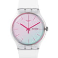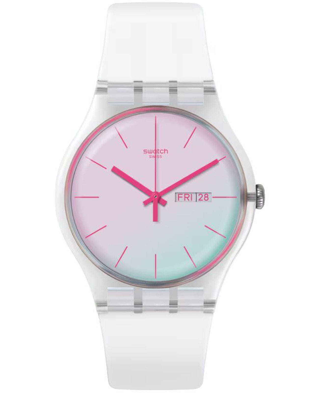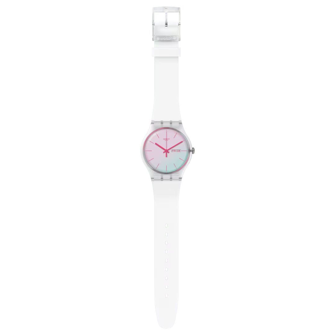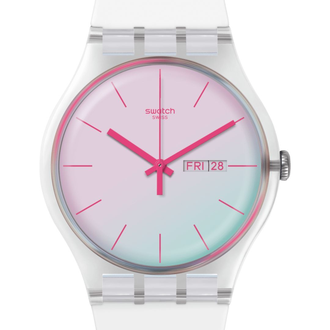 Часы Swatch SO29K704 —  стильный и надежный аксессуар. Эти часы имеют белый циферблат с розовыми индексами и стекло Solar Spectrum. У них прозрачный корпус из биоматериала, а также белый ремешок и петля. Окошко даты и дня недели с розовыми буквами на уровне 3 часов. Ремешок из силикона на стандартной застёжке. Внутри часов установлен надежный кварцевый механизм, который обеспечивает точность хода. Эти часы водонепроницаемы до 30 метров, что позволяет не беспокоиться о случайных брызгах или дождевых каплях. Swatch SO29K704 — это идеальный выбор для тех, кто ценит сочетание стиля, комфорта и функциональности в одном аксессуаре.
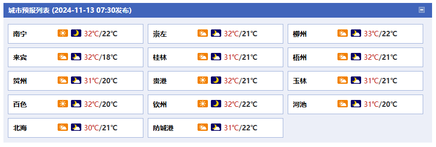 南寧市:今天白天到晚上,晴間多云,偏東風1~2級,最高氣溫33℃,最低氣溫22℃。
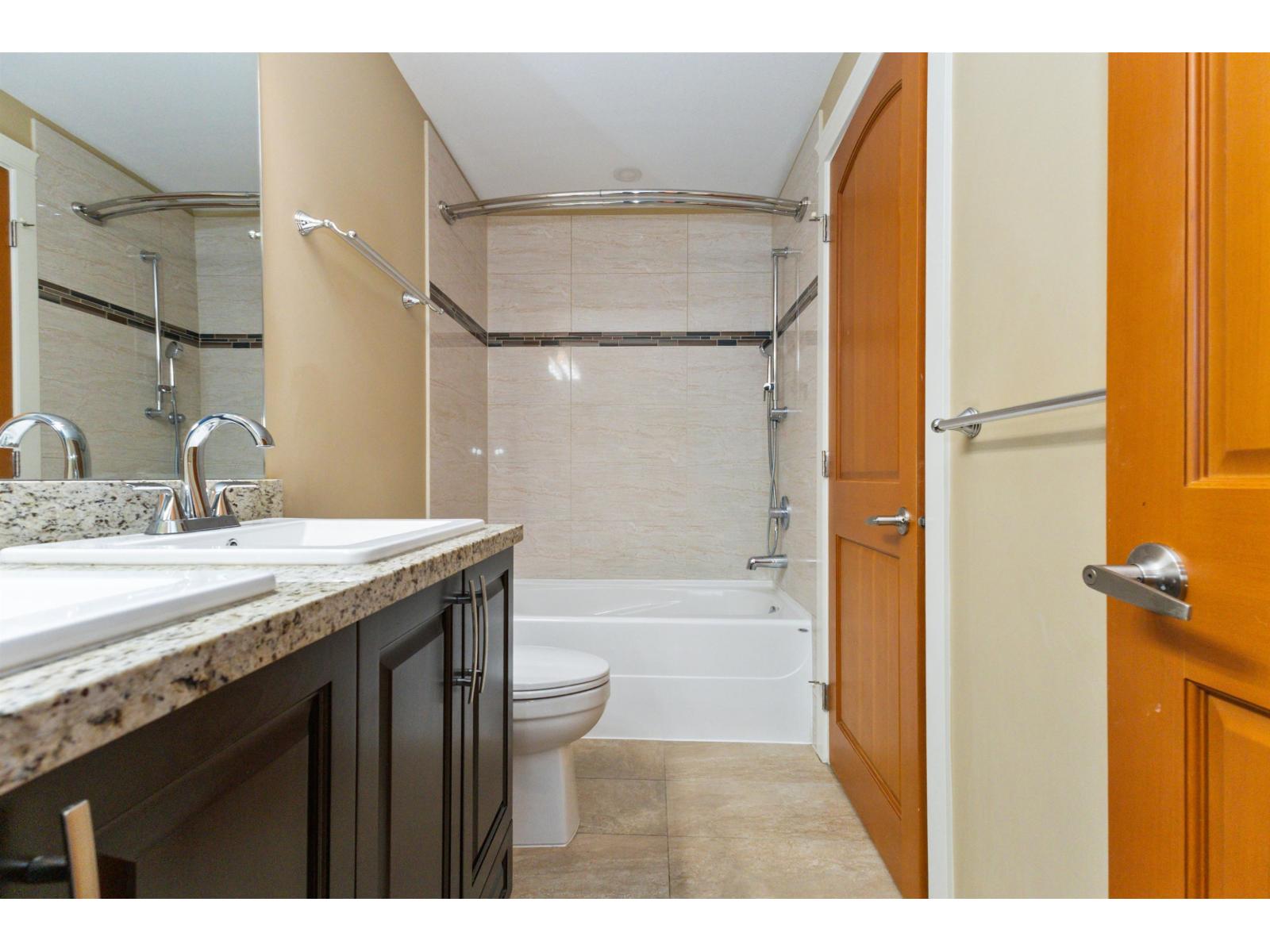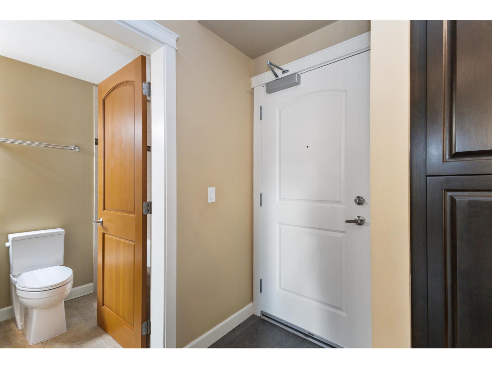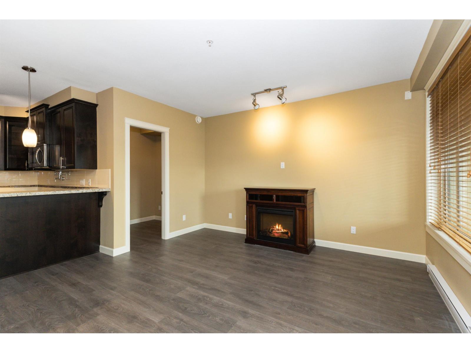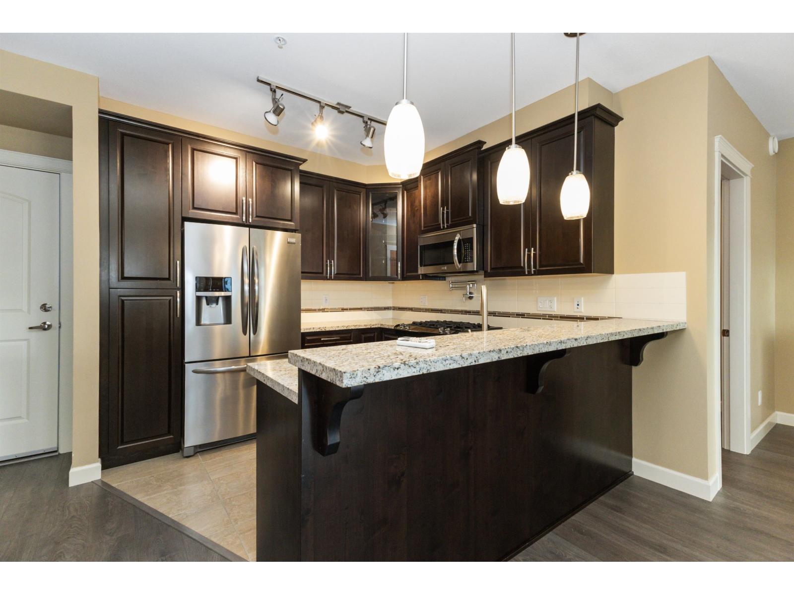 Highly sought after "La Galleria" condo in Abbotsford, immediate possession! Awesome location within walking distance to grocery store, shopping, restaurants, public library & more. 4th floor south facing, 1 bed & den, stainless steel appliances, granite countertops, REAL wood paneled cabinetry, central A/C, elec F/P. Also includes a large 219 sq ft retractable glass solarium with natural gas outlet for bbq; perfect for year round entertaining. 2 underground parking stalls, large storage locker, on site gym. 2 pets allowed 20" at shoulder. Don't miss out! (id:64528)

+++

### TASK INSTRUCTIONS
An exact repeat of all the data is required, pictures excluded.

### ANSWER AREA
 Часы Swatch SO29K704 —  стильный и надежный аксессуар. Эти часы имеют белый циферблат с розовыми индексами и стекло Solar Spectrum. У них прозрачный корпус из биоматериала, а также белый ремешок и петля. Окошко даты и дня недели с розовыми буквами на уровне 3 часов. Ремешок из силикона на стандартной застёжке. Внутри часов установлен надежный кварцевый механизм, который обеспечивает точность хода. Эти часы водонепроницаемы до 30 метров, что позволяет не беспокоиться о случайных брызгах или дождевых каплях. Swatch SO29K704 — это идеальный выбор для тех, кто ценит сочетание стиля, комфорта и функциональности в одном аксессуаре.
 南寧市:今天白天到晚上,晴間多云,偏東風1~2級,最高氣溫33℃,最低氣溫22℃。
 Highly sought after "La Galleria" condo in Abbotsford, immediate possession! Awesome location within walking distance to grocery store, shopping, restaurants, public library & more. 4th floor south facing, 1 bed & den, stainless steel appliances, granite countertops, REAL wood paneled cabinetry, central A/C, elec F/P. Also includes a large 219 sq ft retractable glass solarium with natural gas outlet for bbq; perfect for year round entertaining. 2 underground parking stalls, large storage locker, on site gym. 2 pets allowed 20" at shoulder. Don't miss out! (id:64528)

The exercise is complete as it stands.